Railroad shares also declined. CSX Corp fell 2.4 percent to $21.52 and Union Pacific dropped 2.3 percent to $107.91.
Michael Dudas, a coal industry analyst at Sterne Agee, said the EPA rules, likely to come into effect in a year, will force the coal industry to cut production, but also ramp up exports. Last year exports accounted for about 10 percent of total U.S. coal production of 811 million tons, according to the Energy Dept.
"The U.S. will become a much more important supplier to the world," he said, noting that demand was high in Asia for both thermal coal, used in power generation and metallurgical coal, which is used to make steel.
"We have the capacity to export more and the industry is trying to develop more ports on the West Coast for the coal from the Powder River Basin (of Wyoming and Montana)," Dudas said.
Lucas Pipes, of Brean Murray, Carret & Co, agreed coal companies could compensate for lost domestic customers through exports, but said a U.S. west coast coal terminal was essential. Currently, there are no U.S. west coast coal ports and the Canadian one at Ridley, British Columbia, was not competitive for U.S. producers.
"The biggest potential for exports to Asia would be PRB coal through the west coast," he said. "That's where the focus is, but that won't happen before 2016."
He noted Peabody has an agreement with a developer for a port in Washington state that could handle 25 million tons.
Pipes said there were adequate rail lines to the region but the bigger issue would likely be permitting for the port because of strong environmental opposition to "exporting climate change."
EPA RISK ALREADY "DISCOUNTED"
U.S. railroads will carry less domestic utility coal under the EPA plan to cut carbon emissions, but analysts believe they too can make up for lost volume by carrying more export coal.
CSX's Chief Financial Officer Fredrik Eliasson eased market fears this month by forecasting record first-quarter and 2012 earnings even as its utility coal volume was slumping as much as 30 percent in the first quarter.
Export coal would likely match last year's record 40 million tons, he said. Export coal volume in the first quarter is running about 5 percent above the year-ago pace.
CSX and Norfolk Southern gained about 30 percent of their total revenue from coal shipments, while Union Pacific's coal-based revenue is nearer to 22 percent.
"The EPA risk is discounted and the incremental risk of low natgas can be offset by export coal opportunities as well as additional volume opportunities from the production of more gas domestically," said Benjamin Hartford, senior research associate at Robert W. Baird in Milwaukee.

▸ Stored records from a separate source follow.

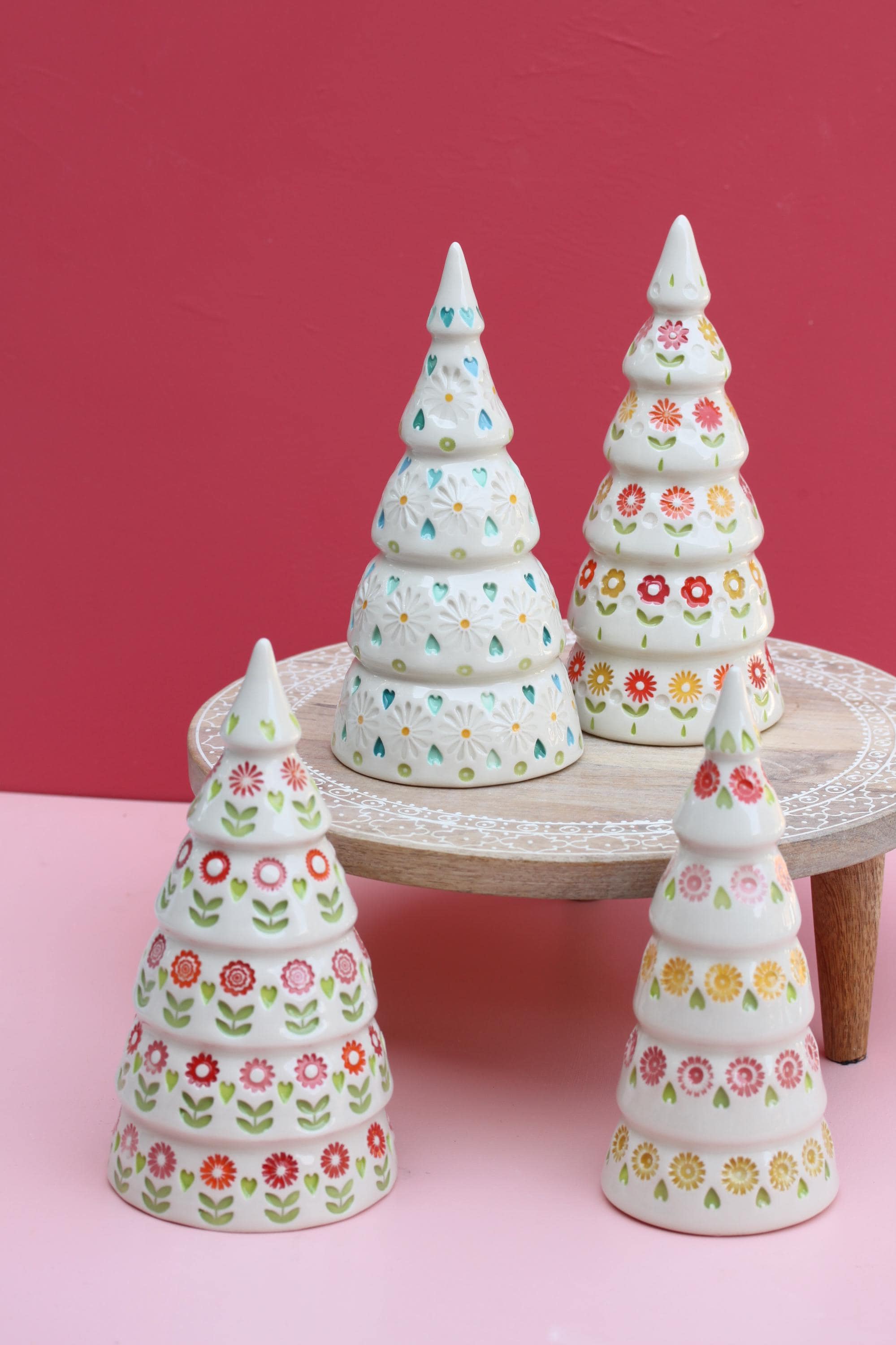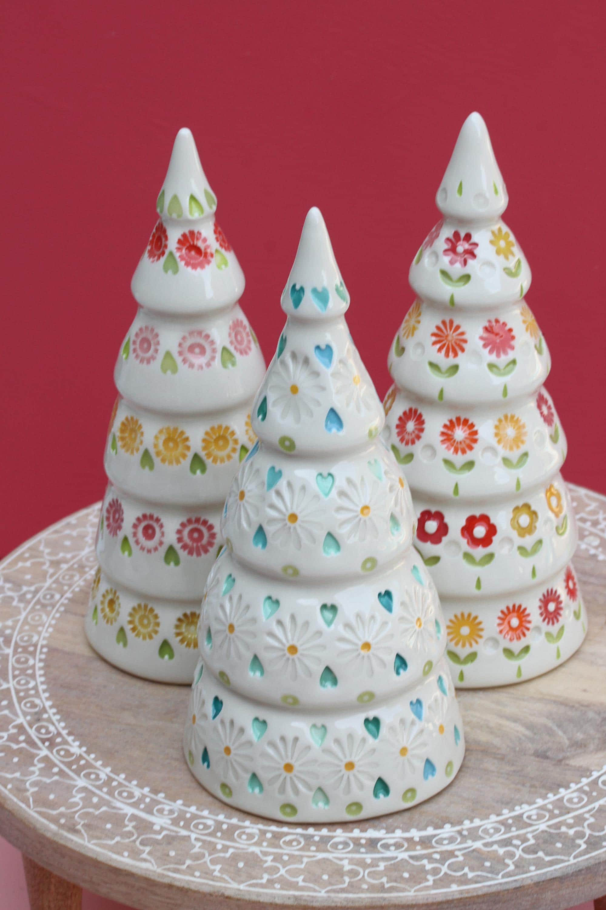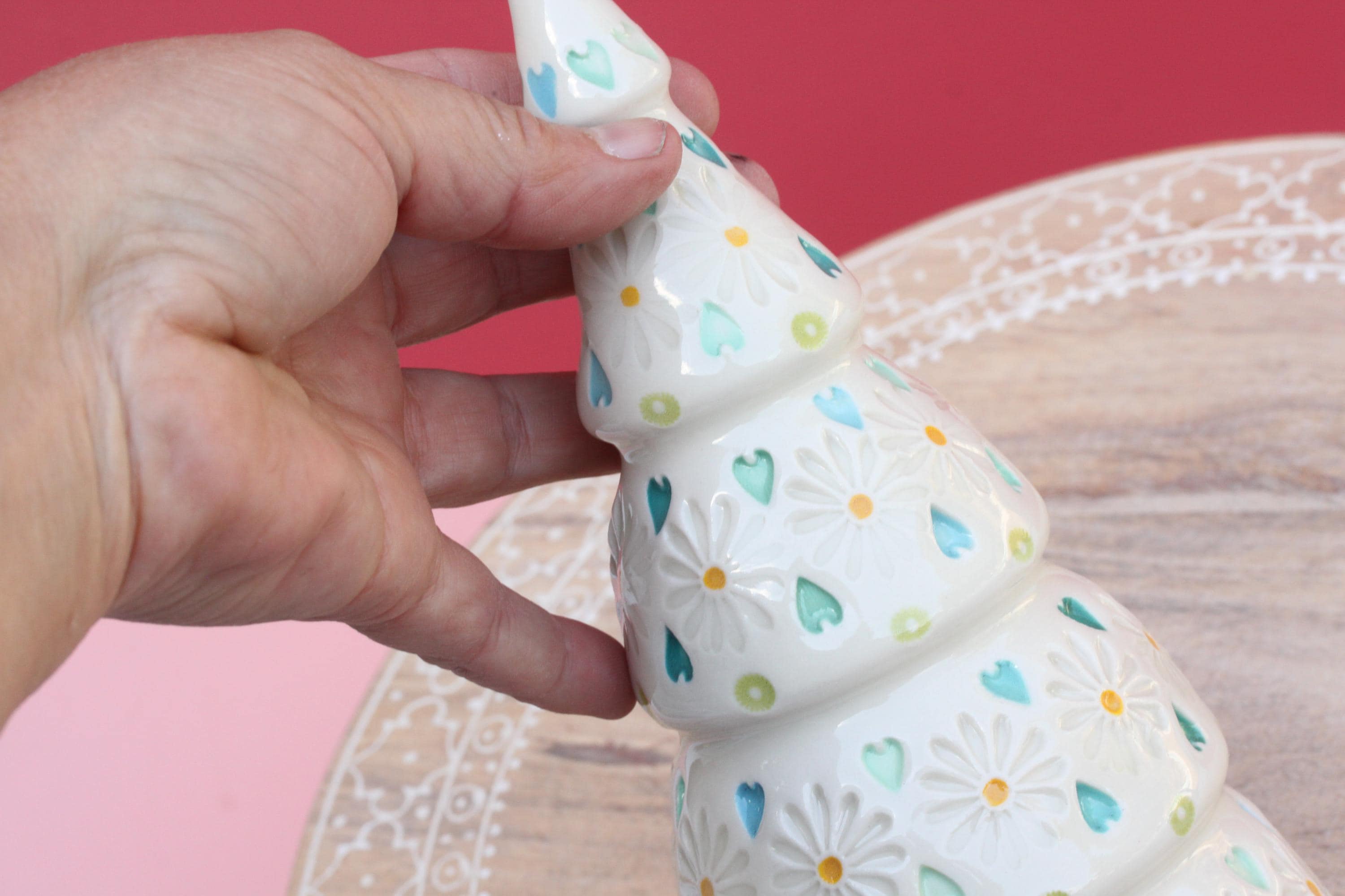 A handmade tree to make the holidays a little more colorful. Made from porcelain on a pottery wheel, the tree is stamped, underglaze and finished in a glossy clear glaze.These are hollow with an open bottom.
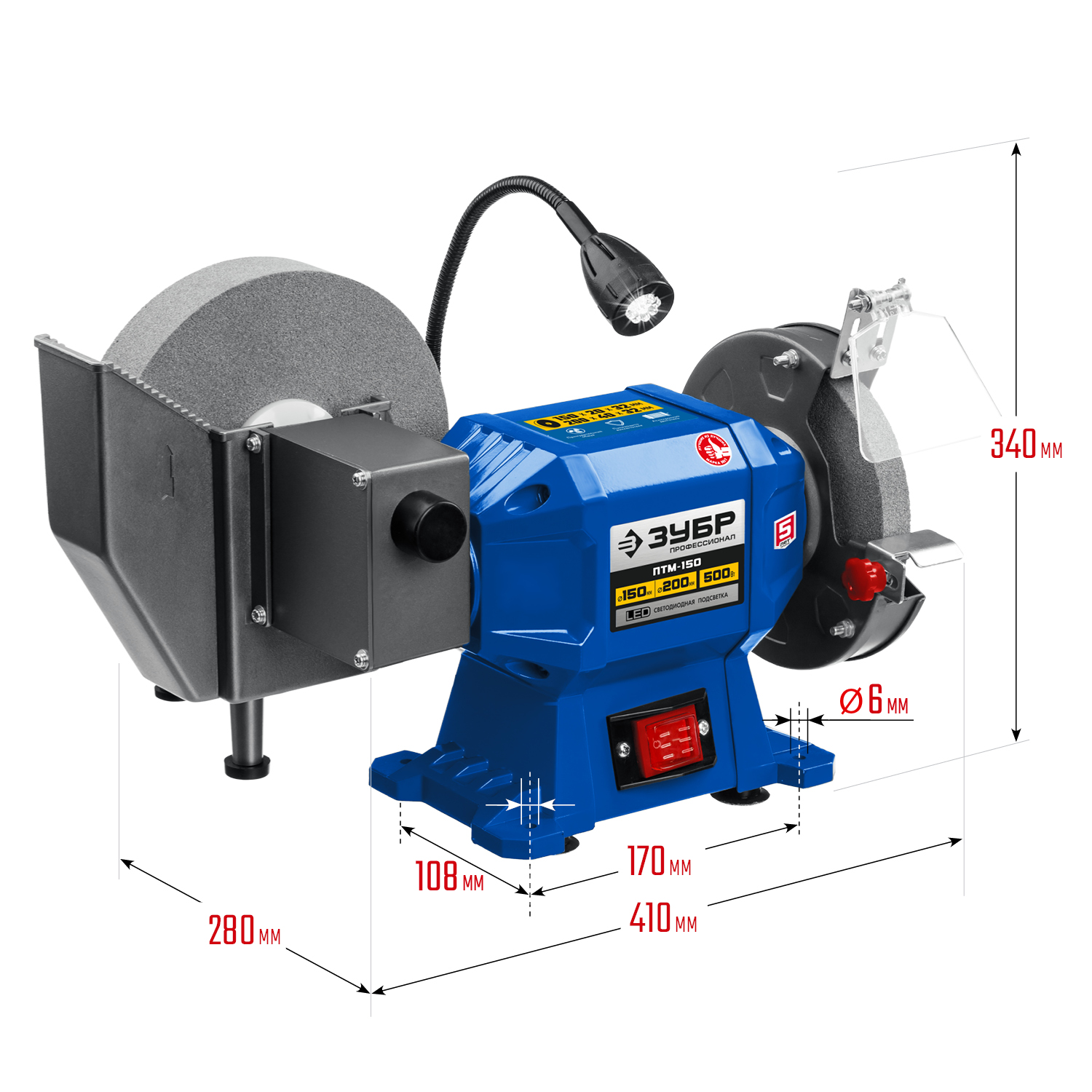 Станок заточной ЗУБР ПТМ-150 – незаменимый инструмент для гаража, мастерской, используемый для заточки режущего инструмента и сухого/мокрого шлифования металлических заготовок. Простота конструкции, высокая надежность, компактный размер, два камня с разной зернистостью, возможность мокрого шлифования – все что нужно для настоящего мастера, ценящего качество и рассчитывающего на долгий срок службы.
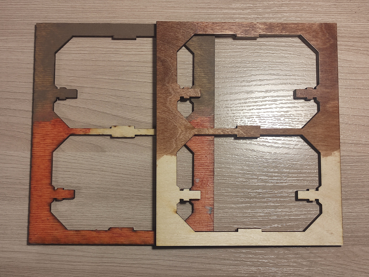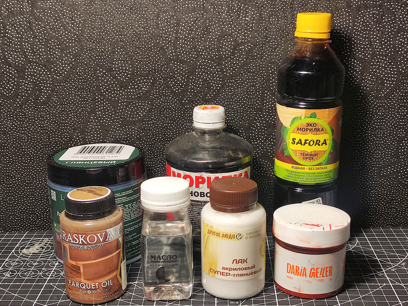 В итоге я решил обратиться к проверенному варианту: морилка плюс лак. Морилка у меня в наличии была только цвета «эбеновое дерево», очень красивая, но почти чёрная, а так как я планировал делать лазерную гравировку, её просто не было бы видно.

Peter Nesvold, a Jefferies & Co analyst, said although people think the decline in coal is a new dynamic. "It's not."
He said even before this winter's mild weather and low natural gas prices, coal volumes for CSX Corp were one-third below their previous peak, yet the company reported record 2011 earnings and expects similar results this year.
"Coal is not the only commodity the rails haul, and they are able to resize and/or adjust the network to accommodate the fact that some types of coal, such as Central Appalachian coal, is likely in secular decline."
Canadian National Railway hauls thermal coal from mines in Illinois to utilities in the Midwest and Southeast United States. To the extent that business has already been hurt by low natural gas prices and a mild winter, the regulations could add insult to injury, said Canaccord Genuity analyst David Tyerman.
In 2010, the last year for which the breakdown is readily available, 43 percent of CN's coal revenue was from shipments that originated in the United States. In 2011, coal represented about 7 percent of its total revenue.
Rival Canadian Pacific Railway will not be similarly affected, because it mostly transports metallurgical coal, Tyerman said. But there could be an upside for both railways if the new rules boost exports to Asia.
CP and CN were not immediately available to comment.